Tailscale implements a novel mechanism, tailnet lock, to prevent a malicious control plane from inserting itself into such a network. Tailnet lock requires the verification of a cryptographic signature on all WireGuard® node keys distributed by Tailscale’s control plane. Each tailnet has a locally-managed key authority, which keeps track of the set of permitted signing keys, and processes signed messages to apply authentic changes to the set of permitted keys. The control plane never sees or stores the keys for these signatures, and signatures are verified against the key authority. With these mechanisms, the control plane cannot insert itself into a network, and change or disable the set of permitted signing keys without being detected.

Introduction

To tunnel data between two nodes in a Tailscale network (a tailnet), the Tailscale client establishes a WireGuard session between the two nodes, over which private network traffic traverses.

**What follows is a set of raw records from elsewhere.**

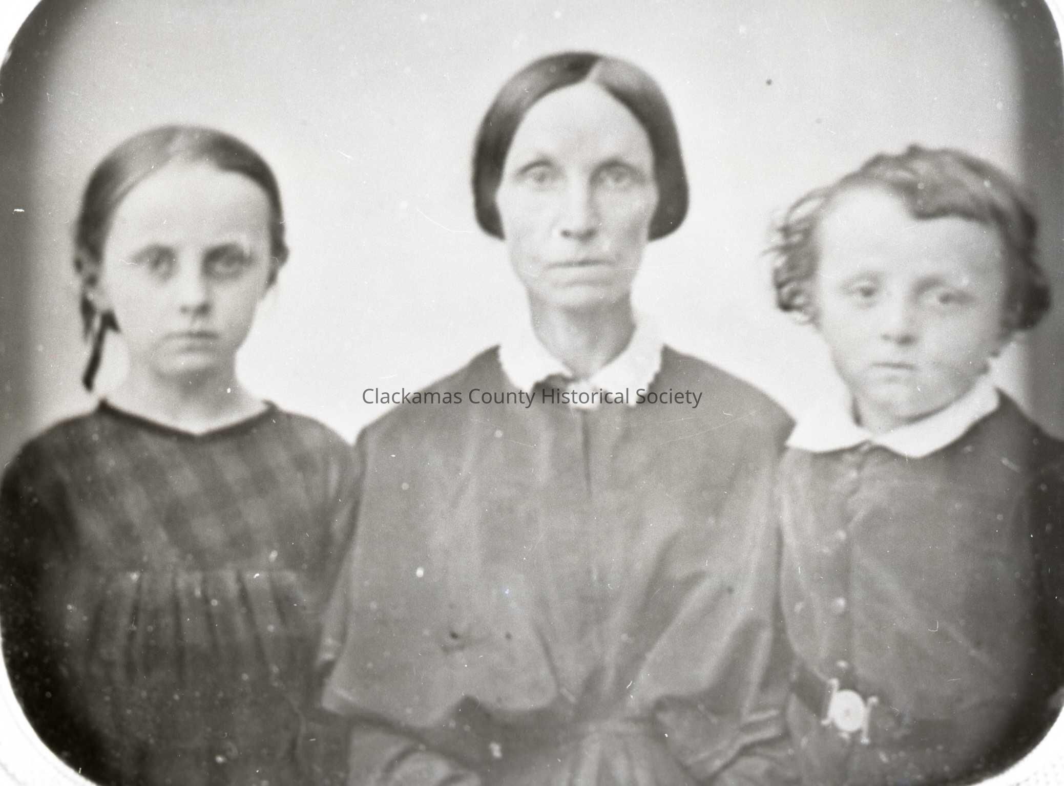 (L-R): 1) Mary Elizabeth Crawford (daughter); 2) Mrs. Medorem (Adaline) Crawford (mother): and 3) John Morrison Crawford (son).Made/Created
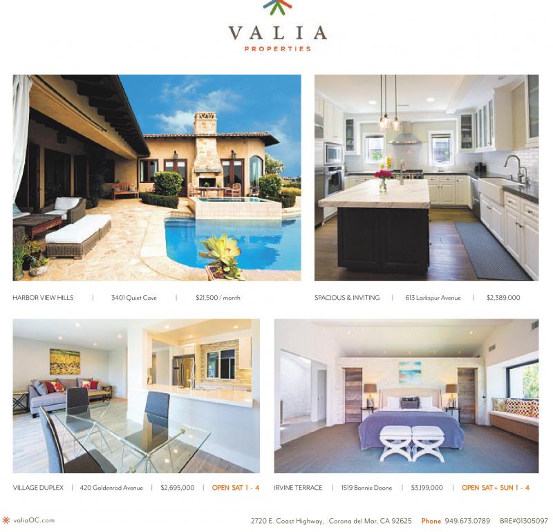 HARBOR VIEW HILLS | 3401 Quiet Cove | $21,500 /month SPACIOUS &INVITING | 613 Larkspur Avenue | $2,389,000 VILLAGE DUPLEX | 420 Goldenrod Avenue | $2,695,000 | OPEN SAT 1 - 4 IRVINE TERRACE | 1519 Bonnie Doone | $3,199,000 | OPEN SAT+ SUN 1 - 4 valiaOC.com 2720 E. Coast Highway, Corona del Mar, CA 92625 Phone 949.673.0789 BRE#01305097
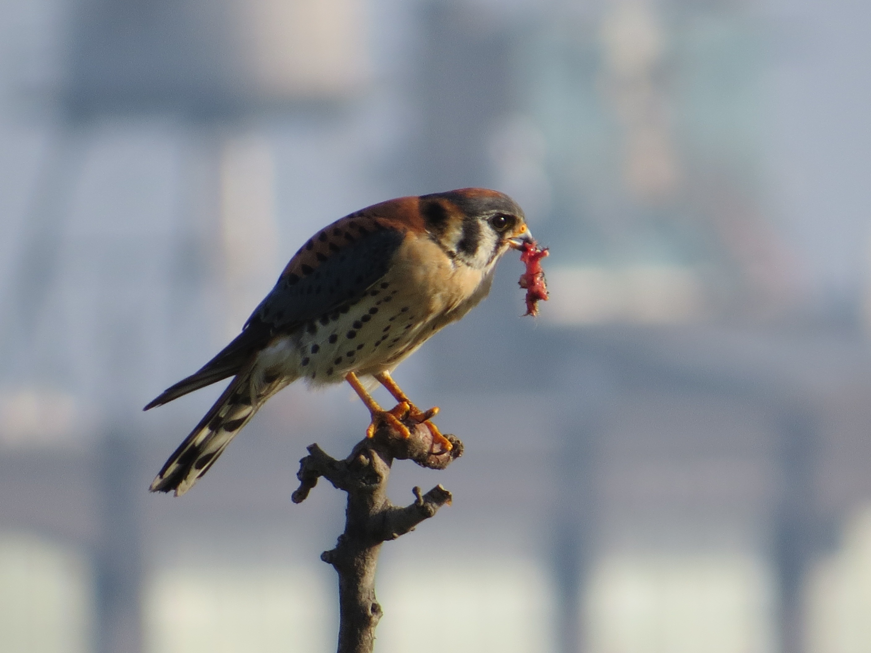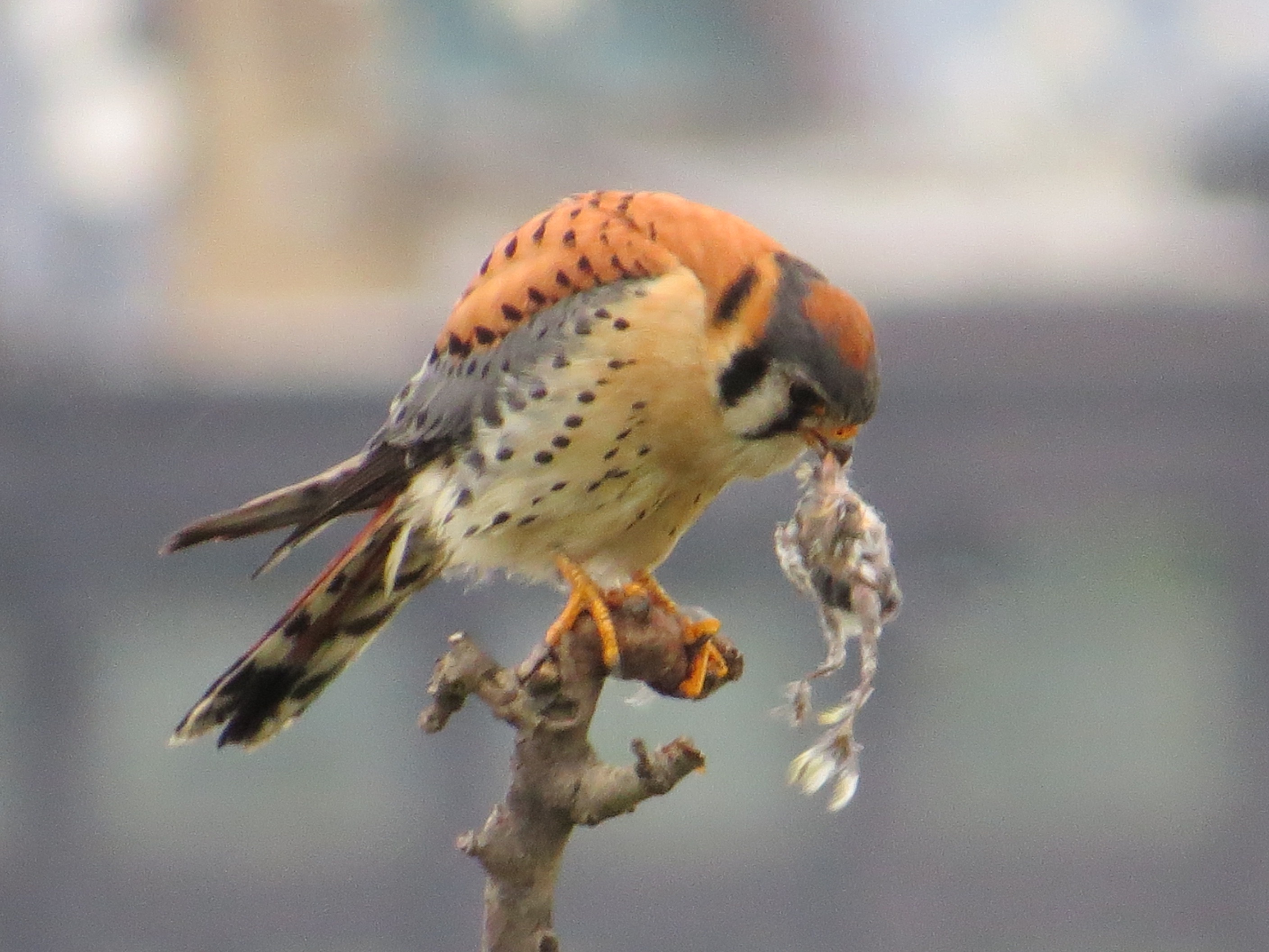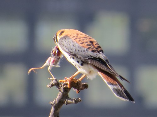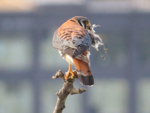 An hour later, the fog had cleared off. This is, I think, the leftovers of the same dead bird. Remember: they cache their food on various local roofs, including, I suspect, mine.

These sessions are authenticated and subsequently encrypted based on the node’s keypair — an X25519 public key which is unique for each node and used for establishing these data connections. Connections between nodes are peer-to-peer (the data plane), and are distinct from the distribution of keys and settings for a tailnet, managed by Tailscale’s coordination server (the control plane).

To establish these sessions, the data plane needs information about peer nodes in the tailnet. This includes information like the IP addresses they can be contacted on, packet filtering rules which should be applied to traffic originating from those nodes, and the node’s public key needed to set up a WireGuard session. This dependence on information from the control plane — and in particular needing to be told other nodes’ public keys — creates a need to trust the control plane, because otherwise a compromised or malicious control plane could announce nodes with attacker-controlled keys and participate in receiving or sending plaintext network traffic.

Context

This section gives the context for the problem tailnet lock is designed to address.

Design goal

Tailnet lock was designed to achieve a singular principle:

Tailscale infrastructure cannot add unauthorized nodes to a tailnet with tailnet lock enabled, and any attempt to do so can be blocked and detected.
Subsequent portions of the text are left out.